Duress/Stathis’s obit takes up about 9/16 of a page. Below the fold is this one:

Max Hardy, who helped bring a new level of chef-driven yet accessible cuisine to his native Detroit, and who was widely considered among the most promising of a young generation of Black culinary stars, died on Monday. He was 40.

No cause is given, but since he “had been in good health as recently as the weekend,” I would have to guess heart attack. He doesn’t seem the OD type.

He worked constantly and with an entrepreneur’s energy. He had his own lines of chef clothing and dry spices. He partnered with Kellogg’s to bring plant-based items from the company’s Morningstar Farms brand to restaurants like his. And he appeared regularly on Food Network programs like “Chopped” and “BBQ Brawl.”

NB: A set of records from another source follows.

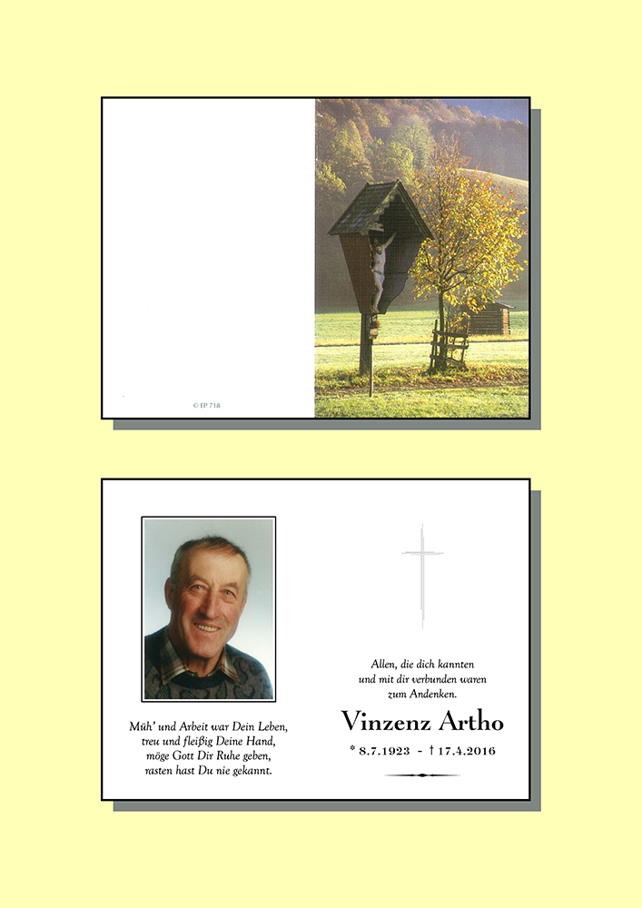 Kondolenzbuch für Vinzenz Artho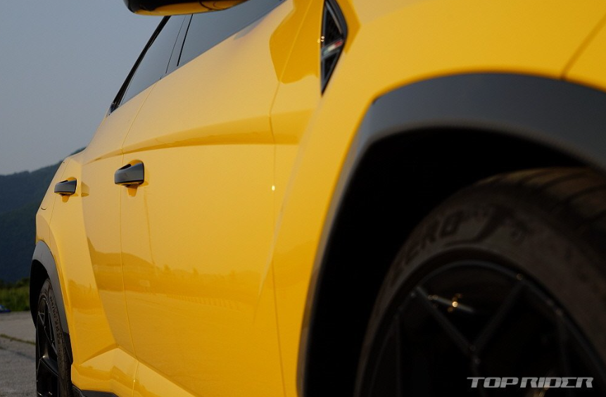 일상주행에서는 예상보다 편안한 승차감을 전합니다. 옵션 사양 23인치 휠의 편평비가 30~35 수준의 극단적으로 얇은 사이드윌을 지녔음을 고려했을 때 그렇습니다. 요철에 대한 초기 댐핑은 부드럽게 소화하지만 285~325mm의 광폭 휠과 편평비가 전하는 자질한 노면 반응은 있습니다.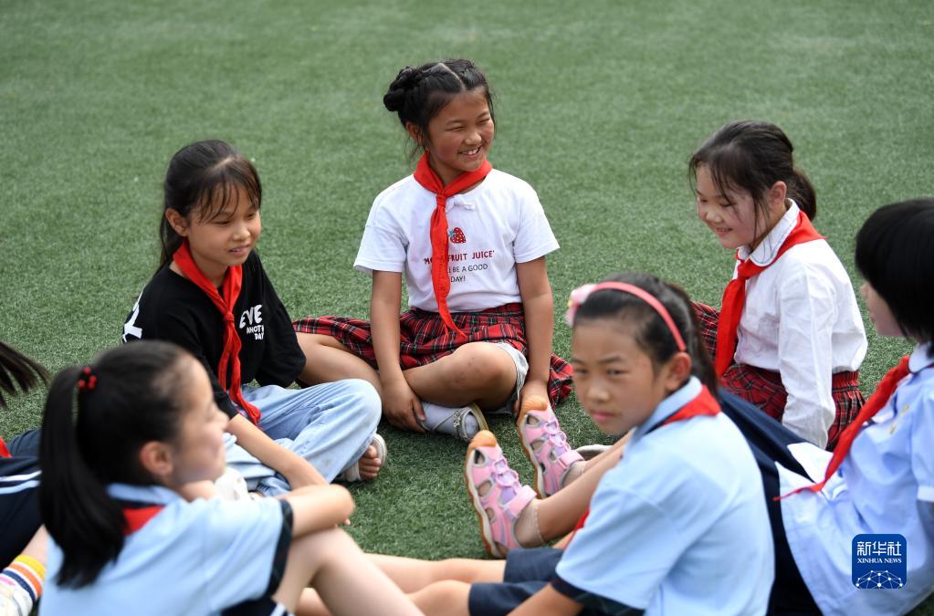 9月1日,张清语(中)和同学在校园里交流。新华社记者 刘军喜 摄
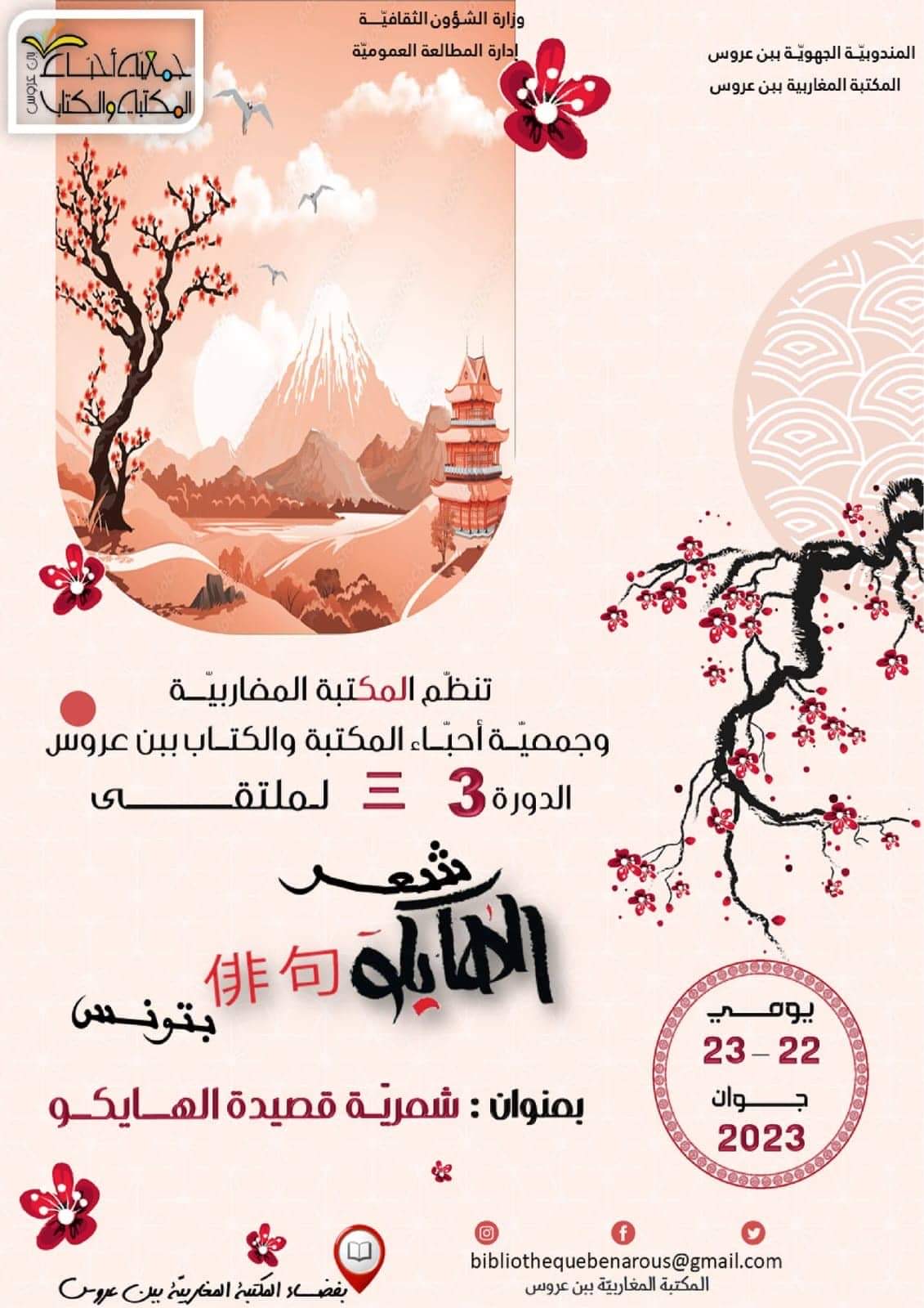 تحت إشراف وزارة الشؤون الثقافية، تنظّم المكتبة المغاربيّة ببن عروس ملتقى شعر الهايكـو بتونس في دورته الثالثة بعنوان “شعريّة قصيدة الهايكو” يومي الخميس 22 والجمعة 23 جوان 2023 وذلك بالشراكة مع جمعية أحباء المكتبة والكتاب بالجهة.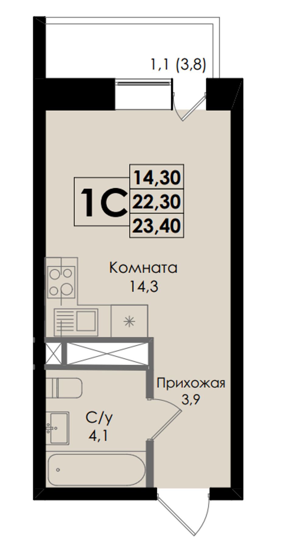 Студия — 23,4 м² 16/22 эт. в Ботаника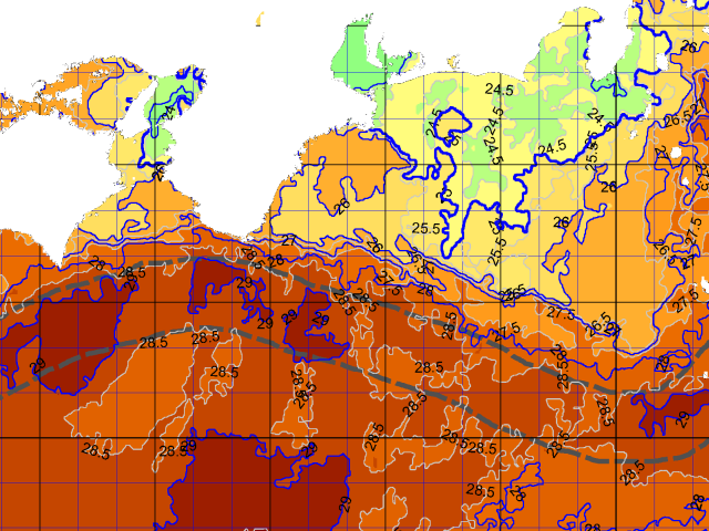 | 水温 | 約26℃ (NOAA海面水温分布画像による) |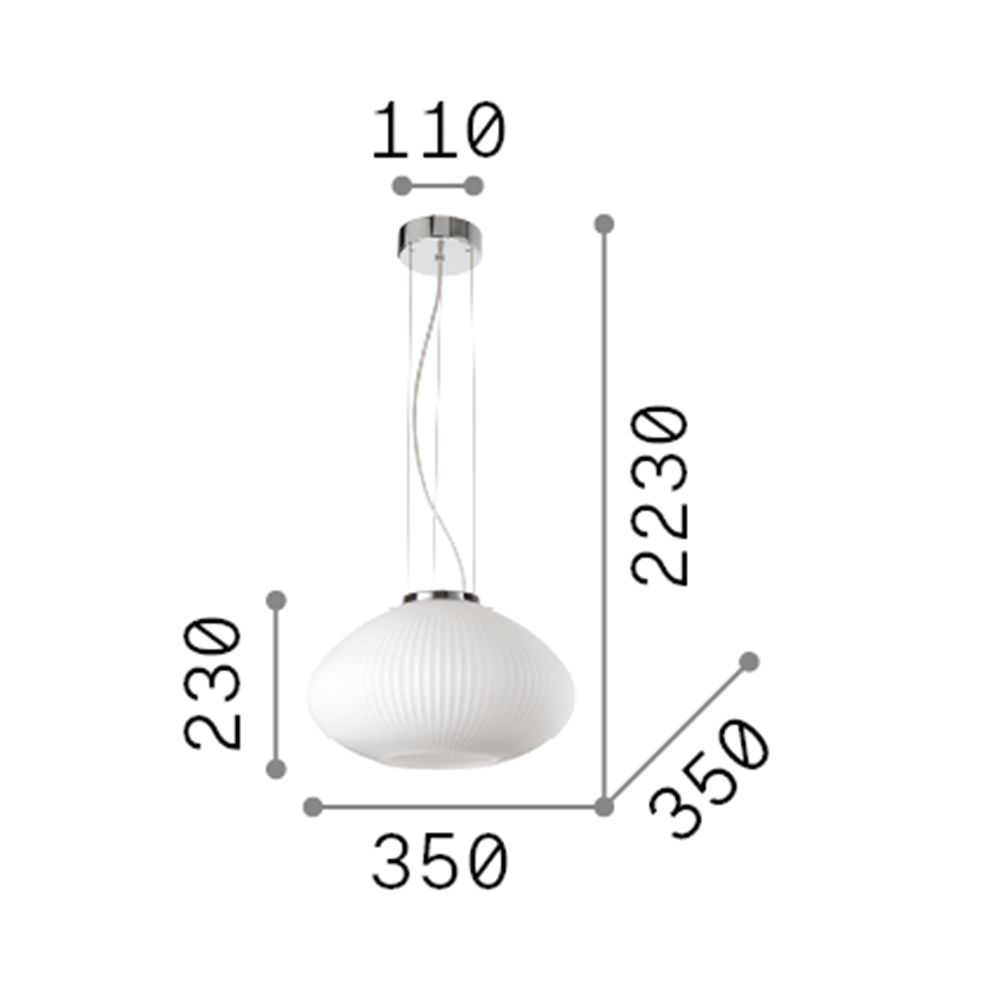 Collezione PLISSE'VETRO SOFFIATO BIANCO PER UN DESIGN COOLSospensione moderna con montatura in metallo placcato cromo. Diffusore in vetro soffiato bianco, con decoro..

He (also) founded his own nonprofit, One Chef Can 86 Hunger, which spreads awareness about food insecurity and healthy eating, especially among young people. During a 2019 government shutdown, he offered free lunches to furloughed federal workers; during the pandemic, he opened pop-up food kitchens to feed at-risk Detroit residents.

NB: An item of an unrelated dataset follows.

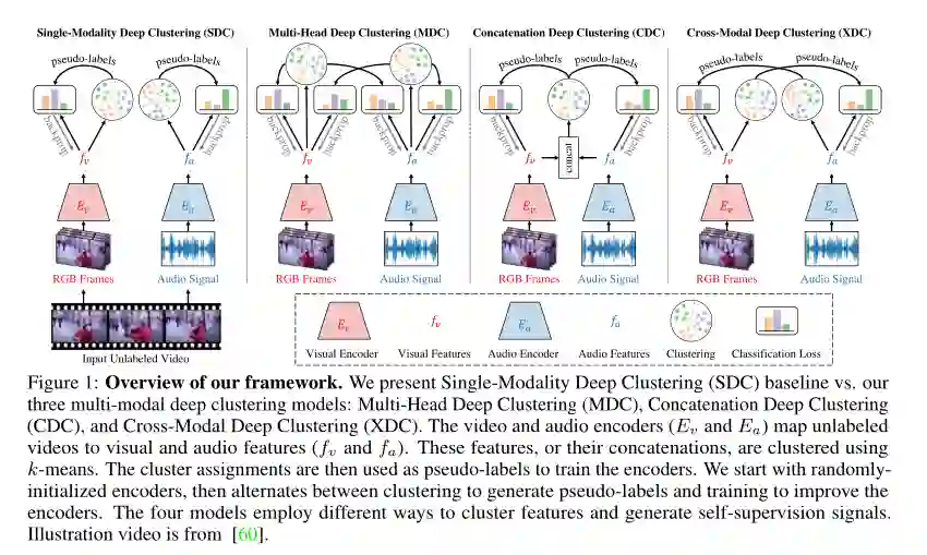 摘要:视觉和音频模态高度相关,但是它们包含不同的信息。它们之间的强相关性使得可以高精度地预测彼此的语义。与在模态内学习相比,它们的固有差异使跨模态预测成为视频和音频表示形式的自监督学习的潜在更有意义的任务。基于这种直觉,我们提出了跨模态深度聚类(Cross-Modal Deep Clustering,XDC),这是一种新颖的自监督方法,它利用一种模态(例如音频)中的无监督聚类作为另一种模态(例如视频)的监督信号。这种跨模态监督有助于XDC利用语义相关性和两种模态之间的差异。我们的实验表明,XDC优于单模态聚类和其他多模态变体。XDC在多种视频和音频基准测试的自监督方法中实现了最先进的准确性。最重要的是,我们针对大规模无标签数据进行预训练的视频模型明显优于针对ImageNet和Kinetics在HMDB51和UCF101上进行动作识别的预训练的相同模型。据我们所知,XDC是第一个自监督学习方法,其性能优于大规模有监督的针对相同体系结构上的动作识别的预训练模型。

The juxtaposition seems designed to engage your judgemental mind: the junkie, dealer, and sometime actor vs. the hard-working and charitable chef. Try as you might it’s hard to resist the comparison; then you turn the page and see death notices for two much older folks:

Richard Truly, a naval aviator and astronaut who flew aboard two early space shuttle missions and, as NASA’s associate administrator, guided the agency’s return to space after the Challenger disaster, died on Feb. 27 at his home in Genesee, Colo. He was 86.

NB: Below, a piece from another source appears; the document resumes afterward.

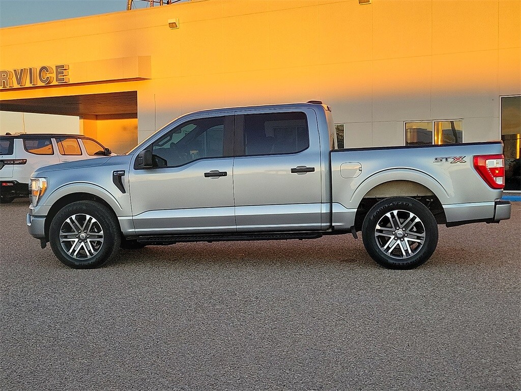 This 2021 Ford F-150 XL 2.7L V6 EcoBoost 10-Speed Automatic RWD in Silver comes with the following features: Equipment Group 101A High (Cruise Control and Reverse Sensing System), STX Appearance Package (Fog Lamps, Rear Window Defroster, Rear Window Fixed Privacy Glass, Unique Sport Cloth 40/20/40 Front-Seats, and Wheels: 18" 6-Spoke Machined-Aluminum), 20" 6-Spoke Machined-Aluminum Wheels, 3.55 Axle Ratio, 4-Wheel Disc Brakes, 6 Speakers, ABS brakes, Air Conditioning, AM/FM radio, Auto High Beam, Auto High-beam Headlights, Black Platform Running Boards, Brake assist, Class IV Trailer Hitch Receiver, Cloth 40/20/40 Front Seat, Color-Coordinated Carpet w/Carpeted Floor Mats, Compass, Delay-off headlights, Driver door bin, Dual front impact airbags, Dual front side impact airbags, Electronic Stability Control, Emergency communication system: SYNC 4 911 Assist, Exterior Parking Camera Rear, Front anti-roll bar, Front Center Armrest, Front reading lights, Front wheel independent suspension, Fully automatic headlights, Illuminated entry, Lane-Keeping System, Low tire pressure warning, Occupant sensing airbag, Outside temperature display, Overhead airbag, Overhead console, Panic alarm, Passenger door bin, Passenger vanity mirror, Power door mirrors, Power steering, Power windows, Pre-Collision Assist w/Automatic Emergency Braking, Radio data system, Radio: AM/FM SiriusXM w/360L, Radio: AM/FM Stereo w/6 Speakers, Rear step bumper, Rear-View Camera, Remote keyless entry, Security system, Speed-sensing steering, Split folding rear seat, Steering wheel mounted audio controls, SYNC 4, SYNC 4 w/Enhanced Voice Recognition, Tachometer, Telescoping steering wheel, Tilt steering wheel, Traction control, Trip computer, Variably intermittent wipers, Voltmeter, and Wheels: 17" Silver Steel.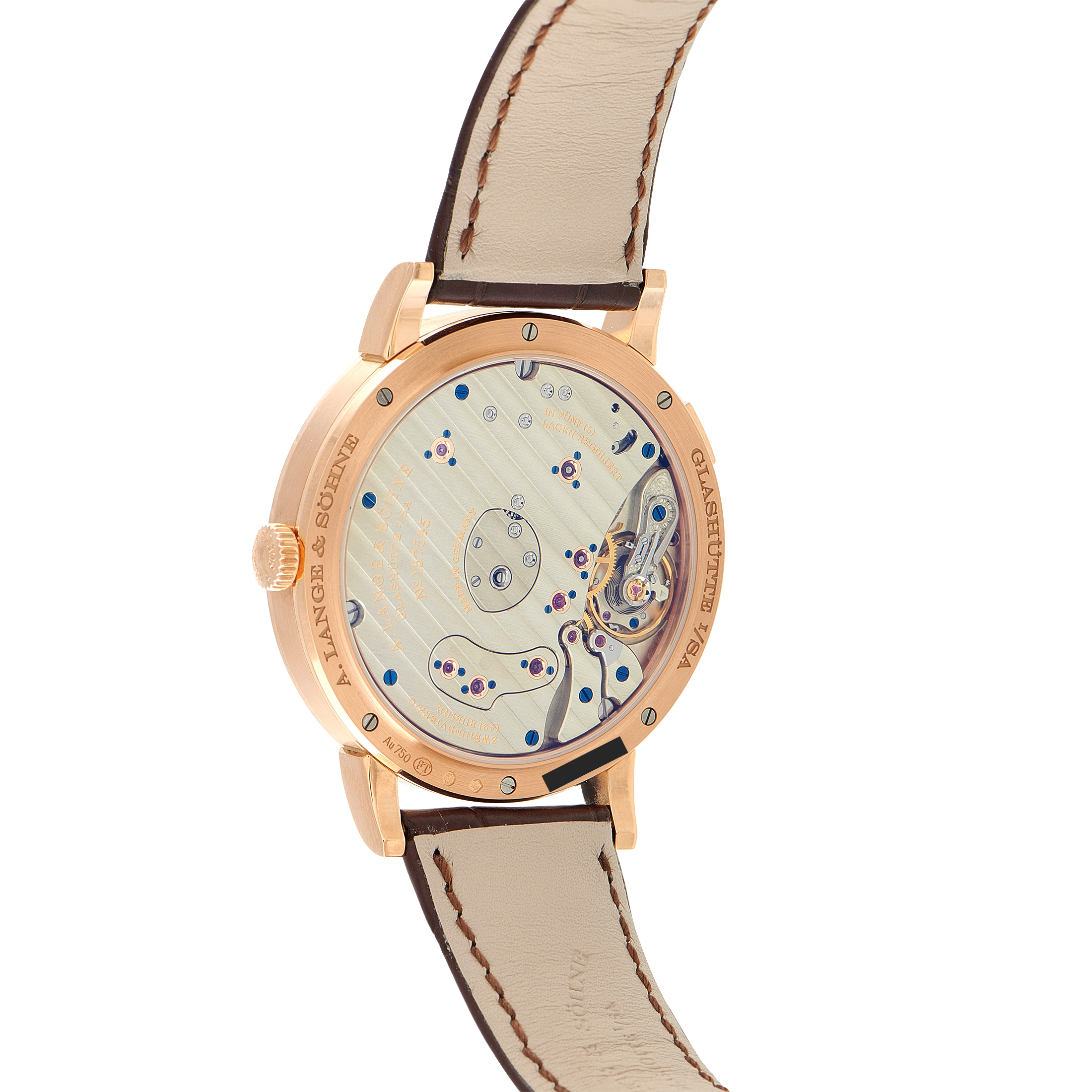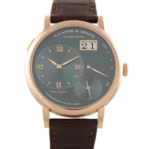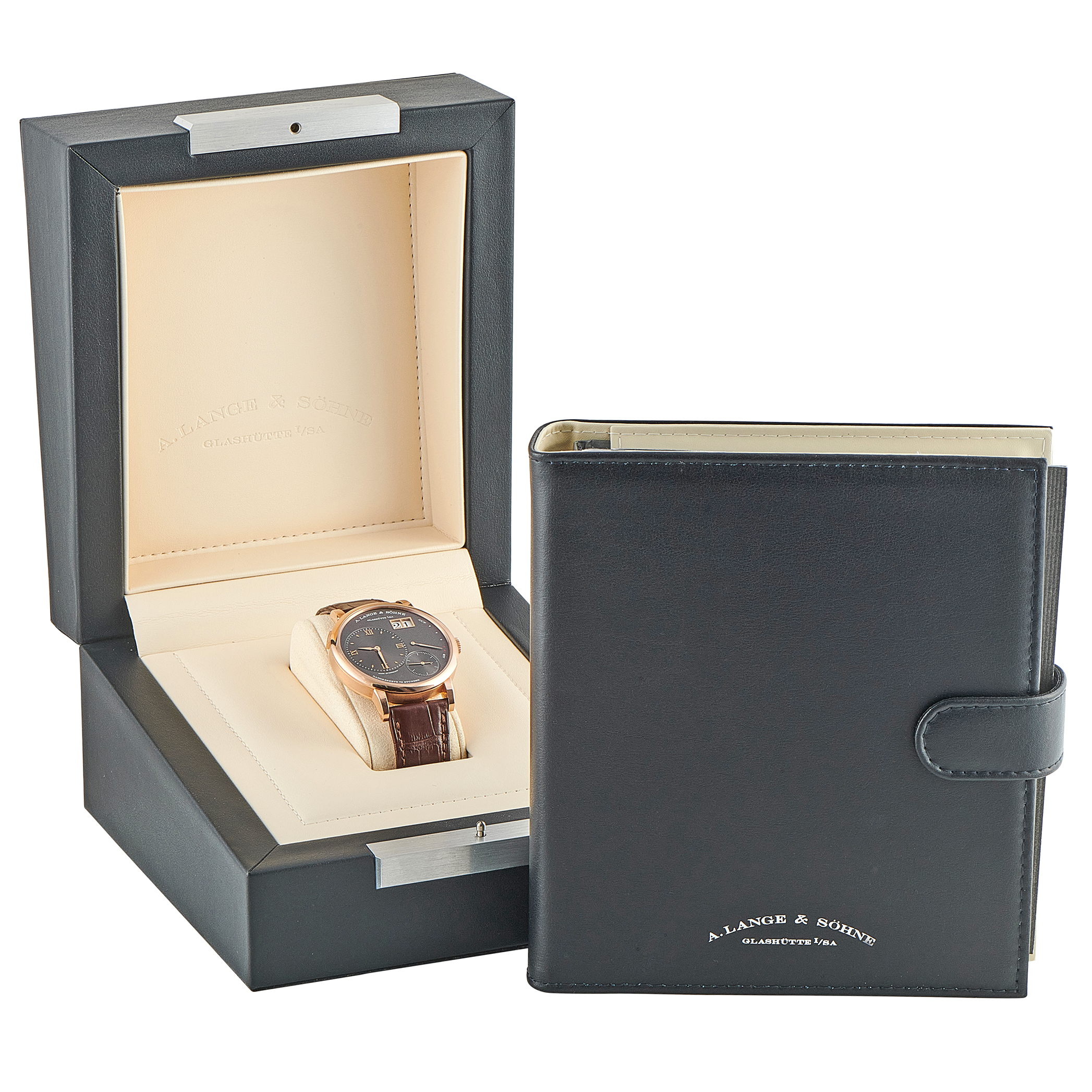 Papers, a leather booklet, and the manufacturer’s box accompany this pre-owned A. Lange & Söhne Grand Lange 1 Solid Silver Dial 18K Rose Gold Watch 137.003.

Günter Brus, a founder of the radical art movement known as Viennese Actionism, who courted outrage and arrest in the 1960s by using his body — and bodily effluvia — to shatter the bourgeois civility of a country haunted by its Nazi past, died on Feb. 10 in Graz, Austria. He was 85.

And wow, it’s hard to imagine two more different guys. The former was an aerospace engineer type who walked the straight and narrow; the latter an Artist who went to the edge and beyond.

In 1968, with leftist student rebellions erupting throughout Europe, [Brus] participated in an incendiary Actionist event “Kunst und Revolution” (“Art and Revolution”) at the University of Vienna. Mr. Brus’s contribution involved urinating into a glass and smearing his body with excrement, before belting out his country’s national anthem while masturbating. At the end of the performance, he drank the urine and vomited.

Here he is somewhat earlier, performing an art piece called “Wiener Spaziergang” (“Vienna Walk”):

Climbing from a Citroën 2CV parked in the Heldenplatz, or Heroes’ Square, of Vienna, he was clad in a suit and covered in white paint from head to toe, with a line of black paint, like a violent stitching, running up the center of his body and face.

Calling to mind a Franz Kline painting with legs, Mr. Brus’s action suggested the violent division of the Austrian psyche — or perhaps his own — wrought by the Nazis, as he strolled toward the Hofburg imperial palace, where Hitler had once addressed cheering masses.

Later, says the obit,

Mr. Brus continued to work at what he called a manic pace as a painter, graphic artist and the writer and creator of “image poems” — collage-like graphic narratives including drawings, text and other visual elements. His wife told Kleine Zeitung in 2018 that he had produced some 80,000 drawings over the years.

At 80, Mr. Brus said that he had no desire to attempt to court scandal as he had in his early days. When asked if age had become its own source of provocation, he demurred.

“No,” he said. “I just find it boring.”

Interesting cat. Though now I feel bad for neglecting Mr. Truly, who had a remarkable career and came to NASA’s rescue at a time of crisis. Any of us should be so lucky as to lead so full a life as either of them.

And as I sit here with the sun in my face and the clock ticking towards 5:00, with dinner guests due at 5:30, I realize that when I started this I was trying to make some kind of point. About the myriad different paths that are out there, the futility of trying to judge one life against another, and the endless amusement that can be derived from doing just that. But I can’t say exactly what that point was… you’ll just have to decide for yourself. Over and out for now and a glorious Saturday night to all. Like the man says, every day above ground is a good day.